Required work:
Write out the line with "Ручка с акриловым" and every later line through the end of the data below, exactly as given, with no pictures in the copy.

[[ Raw data, beginning ]]

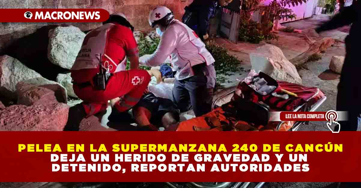 Cancún, Q. Roo.— Una riña entre varios hombres en la Supermanzana 240 dejó como saldo a una persona gravemente herida y un detenido, lo que movilizó a cuerpos de emergencia y seguridad la noche de este domingo.
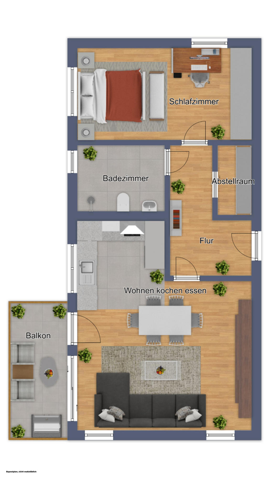 Im Mit­tel­punkt der Woh­nung steht der gro­ße Wohn‑, Ess- und Koch­be­reich. Groß­flä­chi­ge Fens­ter- und Tür­ele­men­te sor­gen für eine hel­le, offe­ne Atmo­sphä­re und schaf­fen eine flie­ßen­de Ver­bin­dung zur süd­öst­lich aus­ge­rich­te­ten Bal­kon. Hier ent­steht ein zen­tra­ler Lebens­raum mit ange­neh­mer Wei­te und kla­rer Unter­tei­lung zwi­schen Kochen, Essen und Woh­nen. Das ruhig gele­ge­ne Schlaf­zim­mer über­zeugt durch sei­nen kla­ren, funk­tio­na­len Grund­riss und bie­tet aus­rei­chend Platz für ein gro­ßes Dop­pel­bett sowie zusätz­li­che Möbel. Dank der groß­zü­gi­gen Fens­ter­flä­chen wird der Raum mit viel Tages­licht durch­flu­tet und schafft eine hel­le, ange­neh­me Wohnat­mo­sphä­re. Ein sepa­ra­ter Abstell­raum inner­halb der Woh­nung ergänzt die Funk­tio­na­li­tät sinn­voll.
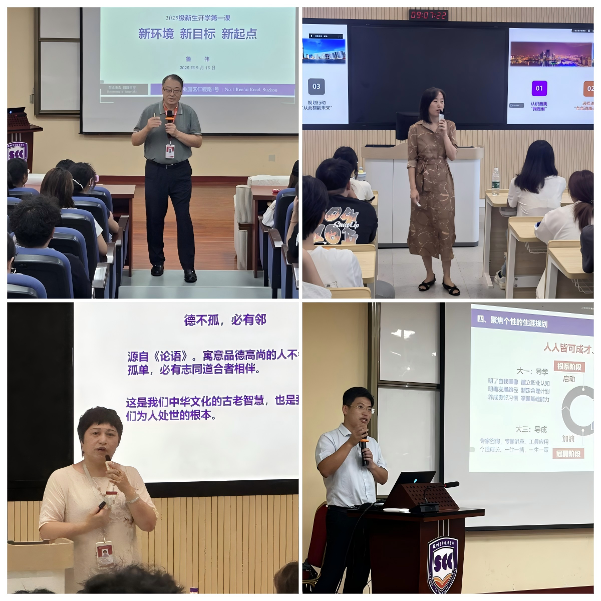 鲁伟鼓励艺术与创意设计学院新生要积极参与项目实践,在实战中提升职业适应力;张丽结合苏州人工智能产业发展趋势与产业人才需求,为人工智能与大数据学院新生解读专业核心与职业路径;侯玉杰向智能制造学院新生阐述“工匠精神”的内涵,激励新生通过技能竞赛和实践锻炼积累经验,为进入智能制造领域打好基础;袁祥为数字经济与管理学院新生鼓劲,希望新生在学好基础课程的同时,重点提升专业实用技能,培养市场洞察与沟通协作能力,适配数字经济领域的岗位要求。
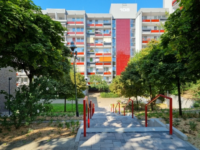 Der neugestaltete Quartierseingang Ost am Ben-Gurion-Ring 102 wurde Anfang August 2025 eingeweiht. Ziel war es, die Aufenthaltsqualität zu verbessern und dem Quartierseingang ein neues, offenes Erscheinungsbild zu verleihen. Dabei konnten die Anwohner:innen ihre Ideen und Wünsche frühzeitig im Rahmen mehrerer Beteiligungsveranstaltungen einbringen. Diese flossen direkt in die Planungen ein.
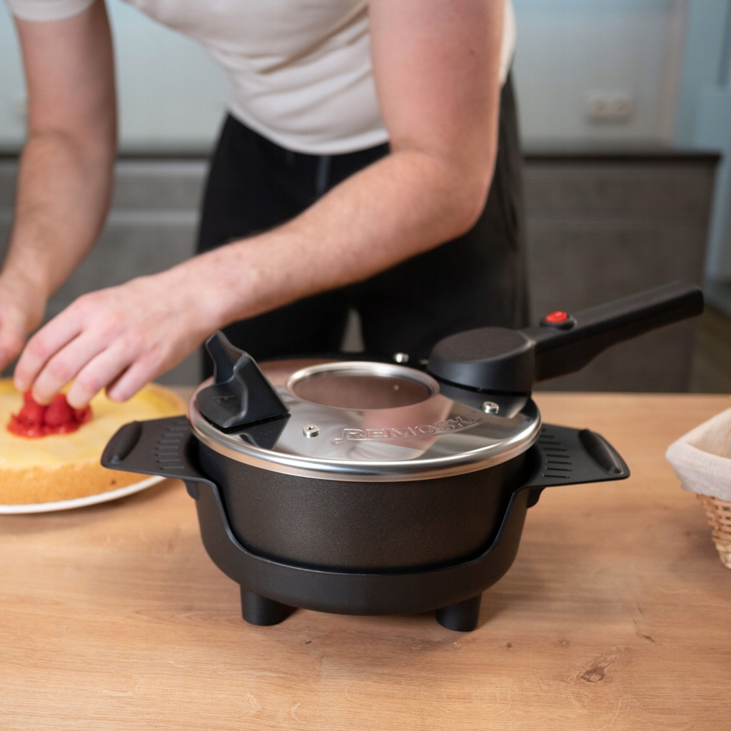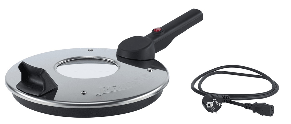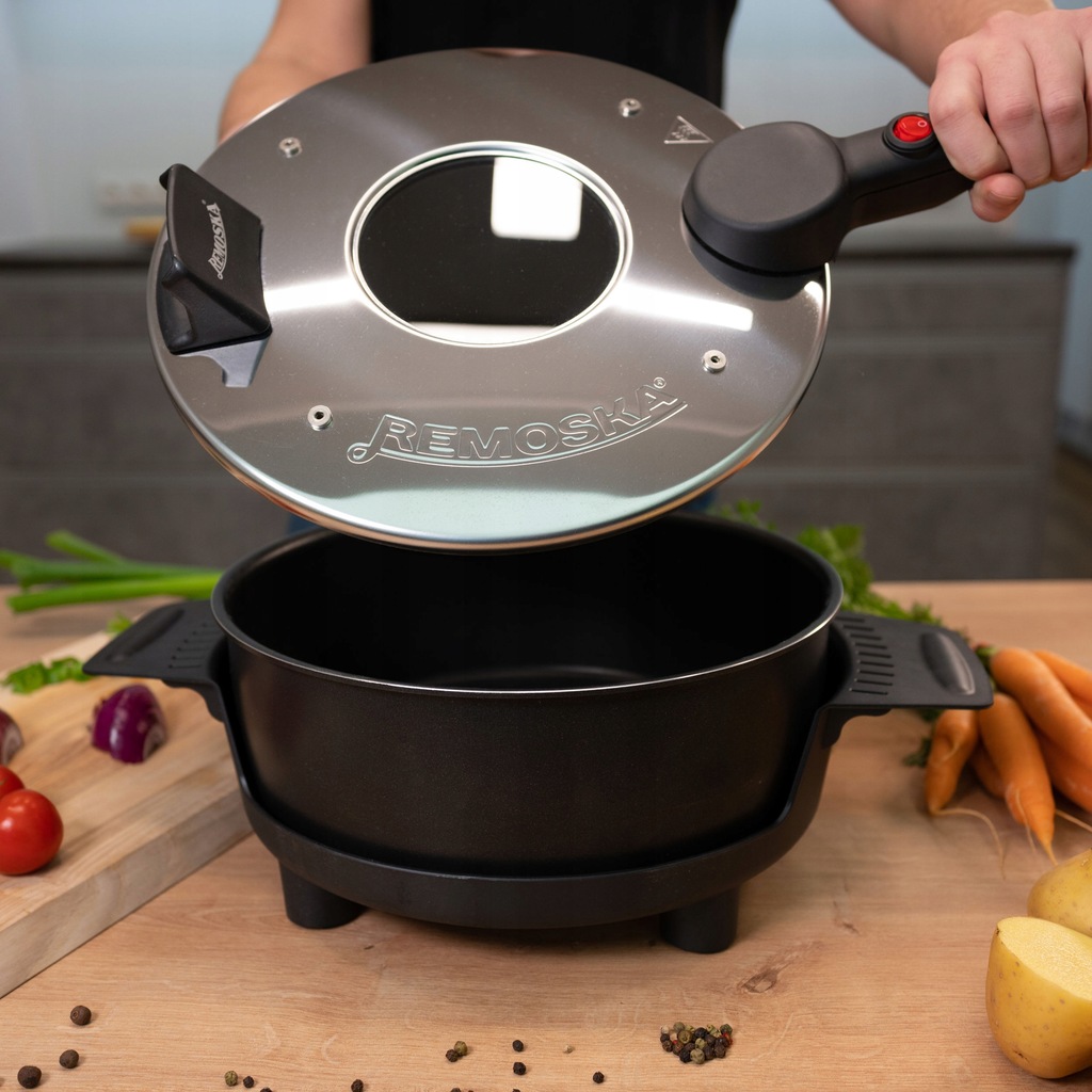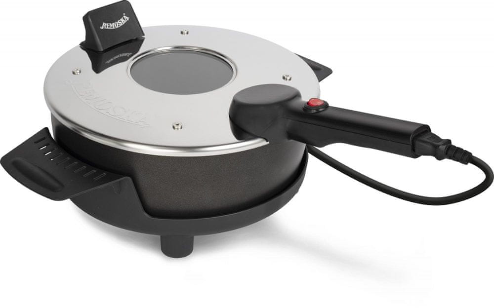 Jednak projektanci REMOSKA Prima pomyśleli również o sytuacjach, w których można otworzyć pokrywę i trzeba skoncentrować się na przygotowywanej potrawie. W takich sytuacjach pokrywa ma wbudowane elementy, które pozwalają po prostu umieścić ją na powierzchni roboczej z częścią grzewczą skierowaną do góry.
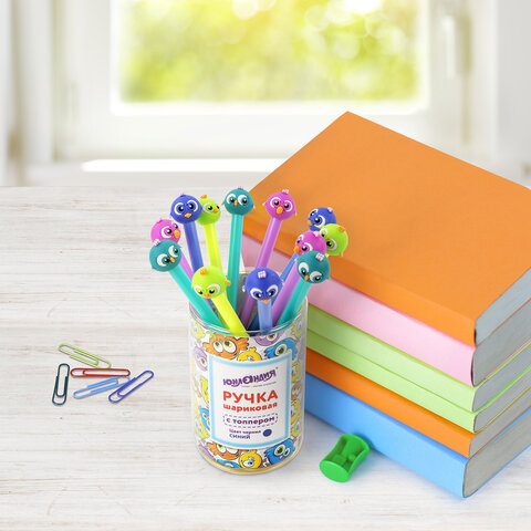 Ручка с акриловым топпером шариковая FUNSTER "ACRYL MIX", СИНЯЯ, ассорти, пишущий узел 0,7 мм, линия письма 0,35 мм, 144380
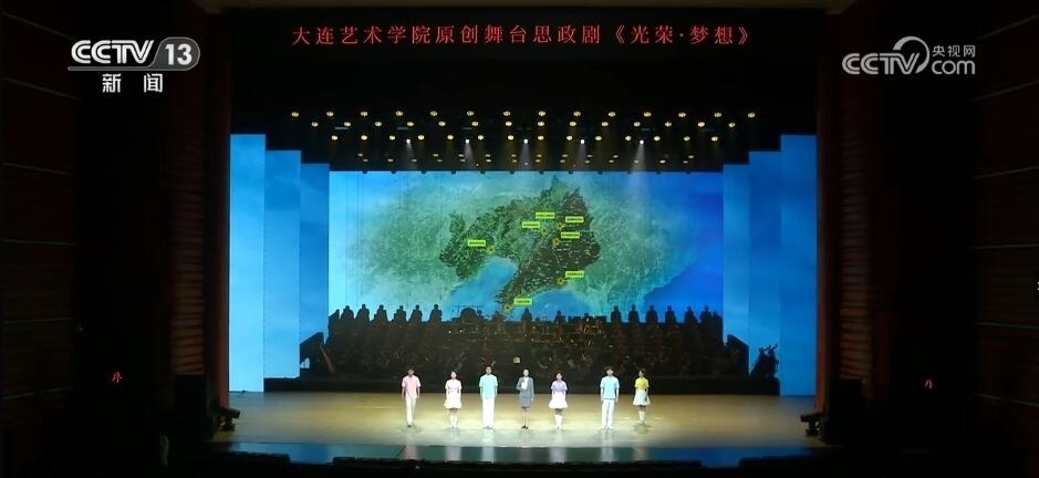 在遼寧,由大連藝術(shù)學院原創(chuàng)的大型舞臺劇《光榮·夢想》在大連、沈陽等地上演。舞臺劇以“九一八”事變?yōu)闅v史背景起點,生動再現(xiàn)了東北人民抗日、解放戰(zhàn)爭等紅色故事。近千名參演師生融合交響樂、朗誦、舞蹈等多種藝術(shù)表現(xiàn)形式,引起現(xiàn)場觀眾強烈共鳴。

[[ Raw data, end ]]

Your response:
 Ручка с акриловым топпером шариковая FUNSTER "ACRYL MIX", СИНЯЯ, ассорти, пишущий узел 0,7 мм, линия письма 0,35 мм, 144380
 在遼寧,由大連藝術(shù)學院原創(chuàng)的大型舞臺劇《光榮·夢想》在大連、沈陽等地上演。舞臺劇以“九一八”事變?yōu)闅v史背景起點,生動再現(xiàn)了東北人民抗日、解放戰(zhàn)爭等紅色故事。近千名參演師生融合交響樂、朗誦、舞蹈等多種藝術(shù)表現(xiàn)形式,引起現(xiàn)場觀眾強烈共鳴。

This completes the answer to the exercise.